**What is required**
Nothing but the text of the listing, repeated exactly, belongs in the answer; leave the images out.

**Given data**
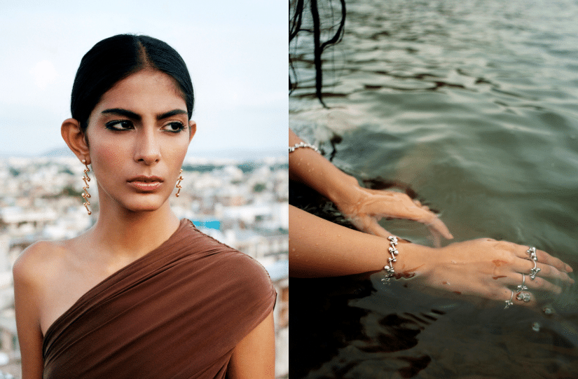 項錬由7顆共重46.09克拉的哥倫比亞圓形祖母綠寶石鑲嵌而成,幾何線條的運用帶出流轉及節奏感;耳環同樣以祖母綠寶石作主軸,耳托採用三角設計,鑲滿鑽石,閃耀但又不會搶去綠寶石的風采。
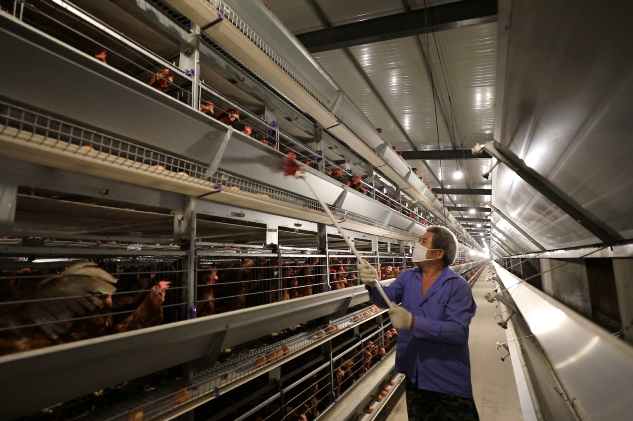 此刻正值七月,室外热浪滚滚,体感温度将近40℃,而西岭家庭农场的鸡舍内却稳稳维持在27℃,这便是“才智鸡场”的硬核实力。西岭家庭农场引入全主动蛋鸡养殖成套设备,完成主动饲喂、电脑环控、手机远程管理、主动控温清粪。产蛋舍规划为五列四层智能化立体笼,均装有无线温湿度、光照度、氨气等传感器,数据可上传手机终端展现,再按设定参数主动调理,优化环境以下降发病率。4栋鸡舍,每栋5万只鸡,1个人就能管得明明白白。
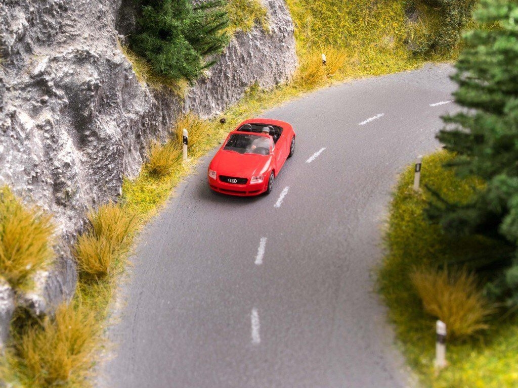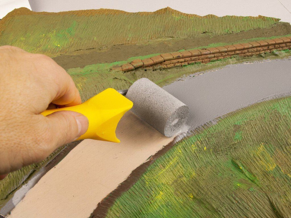 Perfekte Straßen selbst gemacht! Straßenbau-System Mit Hilfe des NOCH Straßenbau-Systems erstellen Sie realistische Modellstraßen ohne großen Aufwand selbst. Das System besteht aus der speziellen Straßenbau-Strukturfarbe und dem Straßenbau-Farbroller. Die innovative Straßenbau-Strukturfarbe wurde speziell für die Gestaltung von Modellstraßen entwickelt. Die Besonderheit ist, dass die Farbe beim Auftragen die Struktur des Verarbeitungswerkzeugs annimmt. Dies eröffnet vielfältige Gestaltungsmöglichkeiten: Je nachdem, mit welchem Werkzeug die Straßenbau-Strukturfarbe aufgetragen wird, ergeben sich neue, spannende Oberflächenstrukturen. Für die Gestaltung einer Asphaltstraße empfehlen wir den Straßenbau-Farbroller, da der Auftrag mit der Schaumstoffrolle dieses Werkzeuges eine realistische Asphaltstruktur ergibt. Dank der beiden Farbtöne "Asphalt grau" und "Asphalt anthrazit" lassen sich vorbildgetreue Modellstraßen perfekt gestalten. Abschließend wird die Straße mit den passenden Straßenmarkierungen versehen. Hierzu empfehlen wir das NOCH Start-Set Straßenmarkierung, das aus einem Straßenmarkierungsstift, einem Kurvenlineal und speziellen Schablonen besteht.
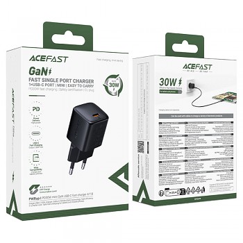 Srdcem této nabíječky je inovativní GaN technologie, která umožňuje dosáhnout vysokého výkonu 30W Power Delivery (PD30W) v neuvěřitelně malém těle. To znamená extrémně rychlé nabíjení pro vaše zařízení, aniž byste museli obětovat místo v tašce nebo na prodlužovacím kabelu. Nabíječka je vyvedena v matně černé barvě, která jí dodává sofistikovaný a moderní vzhled. Její čisté linie a zaoblené hrany podtrhují mini design, který se snadno vejde do každé zásuvky, aniž by blokoval okolní porty. Na přední straně je decentně umístěno logo Acefast a jeden USB-C port s oranžovým vnitřkem, který signalizuje podporu rychlého nabíjení.

**Solution to the exercise**
 項錬由7顆共重46.09克拉的哥倫比亞圓形祖母綠寶石鑲嵌而成,幾何線條的運用帶出流轉及節奏感;耳環同樣以祖母綠寶石作主軸,耳托採用三角設計,鑲滿鑽石,閃耀但又不會搶去綠寶石的風采。
 此刻正值七月,室外热浪滚滚,体感温度将近40℃,而西岭家庭农场的鸡舍内却稳稳维持在27℃,这便是“才智鸡场”的硬核实力。西岭家庭农场引入全主动蛋鸡养殖成套设备,完成主动饲喂、电脑环控、手机远程管理、主动控温清粪。产蛋舍规划为五列四层智能化立体笼,均装有无线温湿度、光照度、氨气等传感器,数据可上传手机终端展现,再按设定参数主动调理,优化环境以下降发病率。4栋鸡舍,每栋5万只鸡,1个人就能管得明明白白。
 Perfekte Straßen selbst gemacht! Straßenbau-System Mit Hilfe des NOCH Straßenbau-Systems erstellen Sie realistische Modellstraßen ohne großen Aufwand selbst. Das System besteht aus der speziellen Straßenbau-Strukturfarbe und dem Straßenbau-Farbroller. Die innovative Straßenbau-Strukturfarbe wurde speziell für die Gestaltung von Modellstraßen entwickelt. Die Besonderheit ist, dass die Farbe beim Auftragen die Struktur des Verarbeitungswerkzeugs annimmt. Dies eröffnet vielfältige Gestaltungsmöglichkeiten: Je nachdem, mit welchem Werkzeug die Straßenbau-Strukturfarbe aufgetragen wird, ergeben sich neue, spannende Oberflächenstrukturen. Für die Gestaltung einer Asphaltstraße empfehlen wir den Straßenbau-Farbroller, da der Auftrag mit der Schaumstoffrolle dieses Werkzeuges eine realistische Asphaltstruktur ergibt. Dank der beiden Farbtöne "Asphalt grau" und "Asphalt anthrazit" lassen sich vorbildgetreue Modellstraßen perfekt gestalten. Abschließend wird die Straße mit den passenden Straßenmarkierungen versehen. Hierzu empfehlen wir das NOCH Start-Set Straßenmarkierung, das aus einem Straßenmarkierungsstift, einem Kurvenlineal und speziellen Schablonen besteht.
 Srdcem této nabíječky je inovativní GaN technologie, která umožňuje dosáhnout vysokého výkonu 30W Power Delivery (PD30W) v neuvěřitelně malém těle. To znamená extrémně rychlé nabíjení pro vaše zařízení, aniž byste museli obětovat místo v tašce nebo na prodlužovacím kabelu. Nabíječka je vyvedena v matně černé barvě, která jí dodává sofistikovaný a moderní vzhled. Její čisté linie a zaoblené hrany podtrhují mini design, který se snadno vejde do každé zásuvky, aniž by blokoval okolní porty. Na přední straně je decentně umístěno logo Acefast a jeden USB-C port s oranžovým vnitřkem, který signalizuje podporu rychlého nabíjení.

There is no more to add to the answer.